Painting by Sandro Botticelli

The Calumny of Apelles is a panel painting in tempera by the Italian Renaissance painter Sandro Botticelli. Based on the description of a lost ancient painting by Apelles, the work was completed in about 1494–95, and is now in the Uffizi, Florence.

The content of Apelles' painting, as described by Lucian, became popular in Renaissance Italy, and Botticelli was neither the first nor last Italian Renaissance artist to depict it.
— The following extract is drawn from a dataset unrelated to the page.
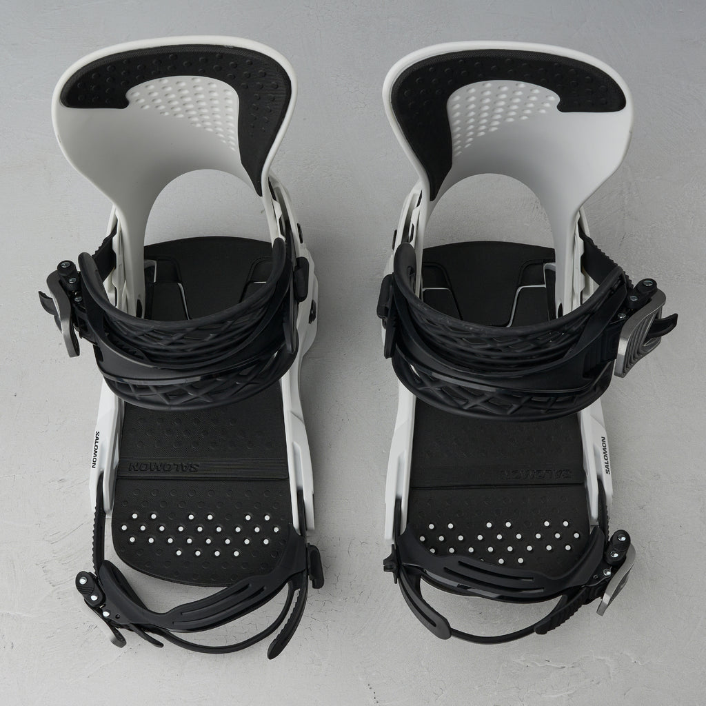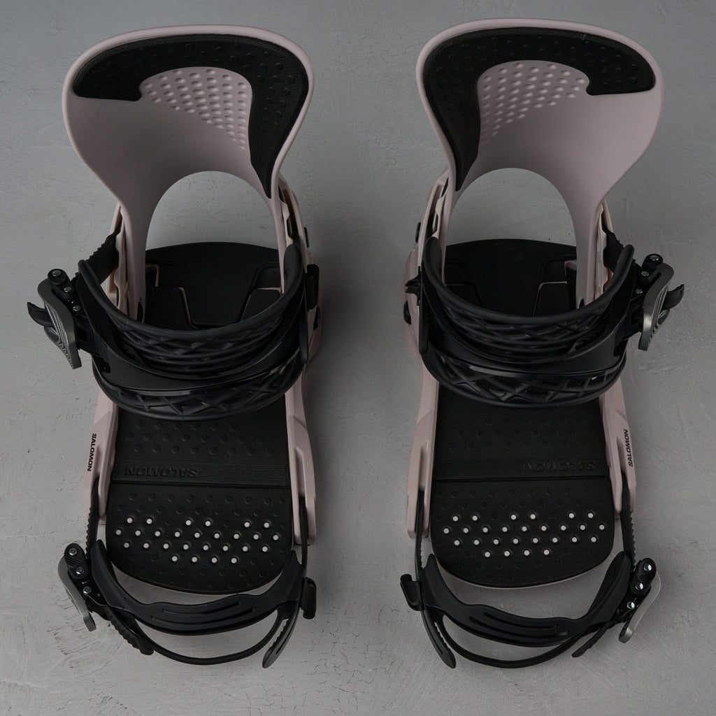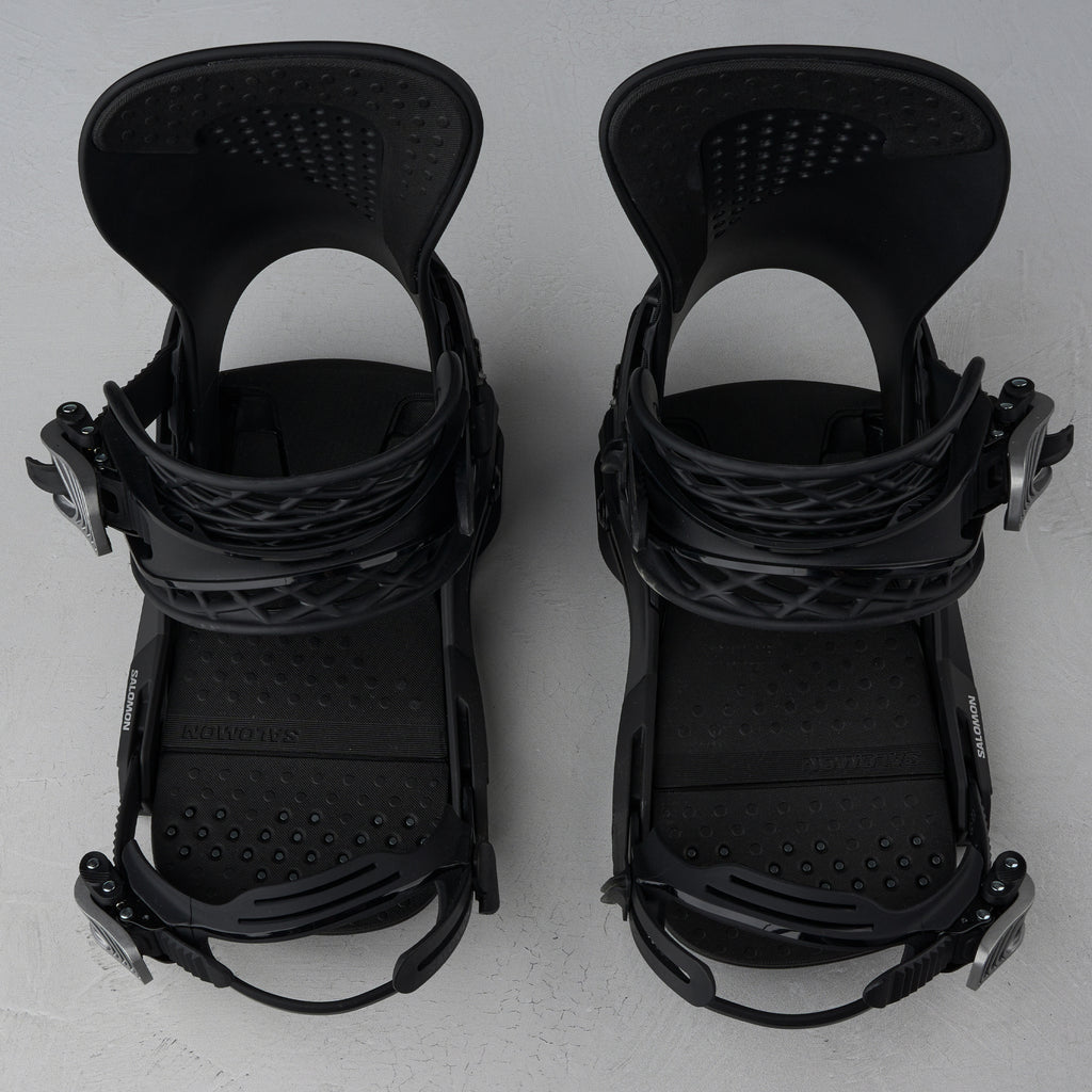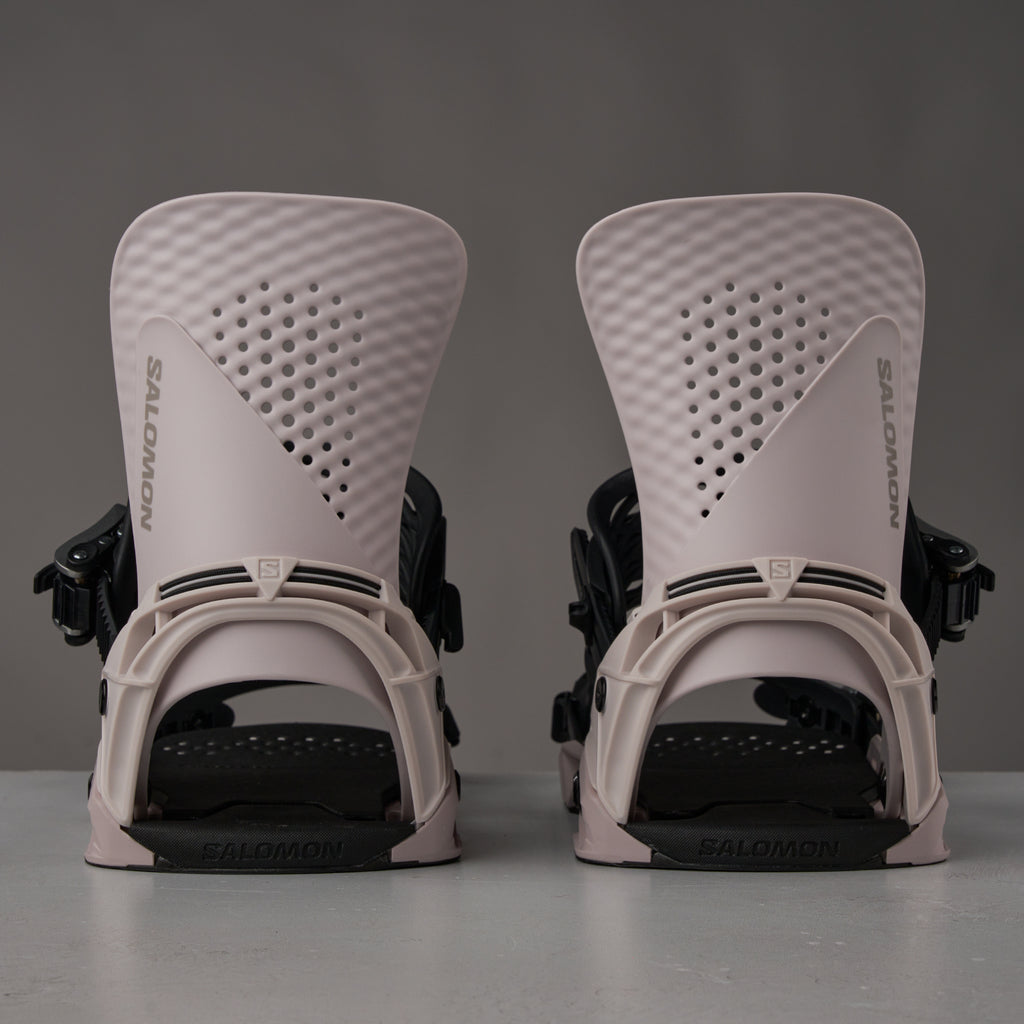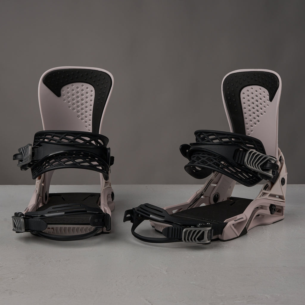 The Salomon Hologram is one of the smoothest bindings out there. It stands out among other bindings because of the way it wraps your heel and locks you in. A lightweight heelhoop paired with a Kevlar QuickWire wraps the entire heel of the binding, making it so your heel is locked in, this maximizes endurance and performance. Because it locks your heel so well, it feels incredibly smooth and consistent. The binding offers a unique combination of control, responsiveness, and mobility while maximizing comfort. A medium-stiff flex puts it a little more on the responsive side, so this binding wants a rider who can drive a snowboard. It's not the stiffest binding out there, but it can definitely handle some harder charging with ease. The highback generates plenty of power and makes you feel in control. Whether it’s freestyle, freeride, groomers, bowls, or trees you're looking to do, the Hologram will take you there.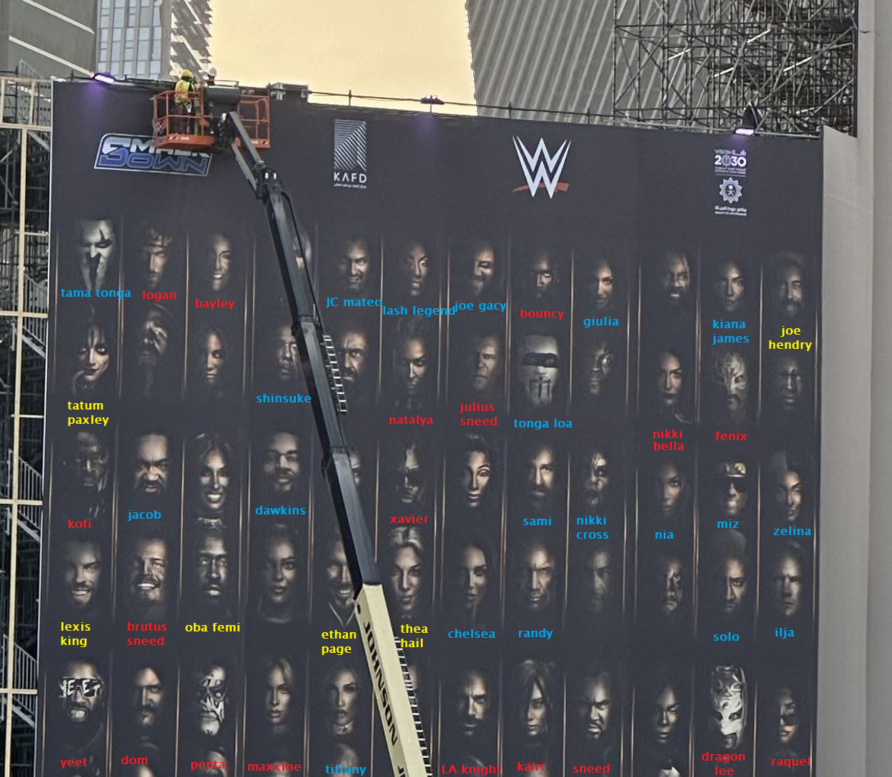 >>19710660Under Logan Paul is Erick RowanUnder Bayley is no clue. Looks like Chelsea but she's farther downUnder JC is Breakker?Under Giulia is TruthAbove Nikki is Jimmy Uso?Under Hendry is OmosIs that Lexis King or Austin Theory? Thought the latter but now I do see Lexis as wellAbove Oba is Becky maybe? Doesn't really look like herUnder Dawkins I'm not sure. Maybe Roxanne?Above Chelsea is CharlotteUnder Nikki Cross is Roman?Under Nia is LumisTo the right of Bronson is B-Fab I think

Leon Battista Alberti had praised it and recommended it as a subject for artists to recreate in his highly influential De pictura of 1435, and there were four translations of Lucian's Greek into Latin or Italian during the 15th century.

A number of Botticelli's secular works show an interest in recreating some of the lost glories of Ancient Greek painting, which are recorded in classical literature, especially the ekphrasis, a popular literary genre consisting of the description of a painting, which had an obvious utility before reproductions were widespread. His Mars and Venus, painted some ten years earlier, is generally agreed to borrow part of its composition, the infant satyrs playing with Mars' armour, from another ekphrasis by Lucian, but no other Botticelli painting is clearly an attempt to recreate an ancient composition almost in full.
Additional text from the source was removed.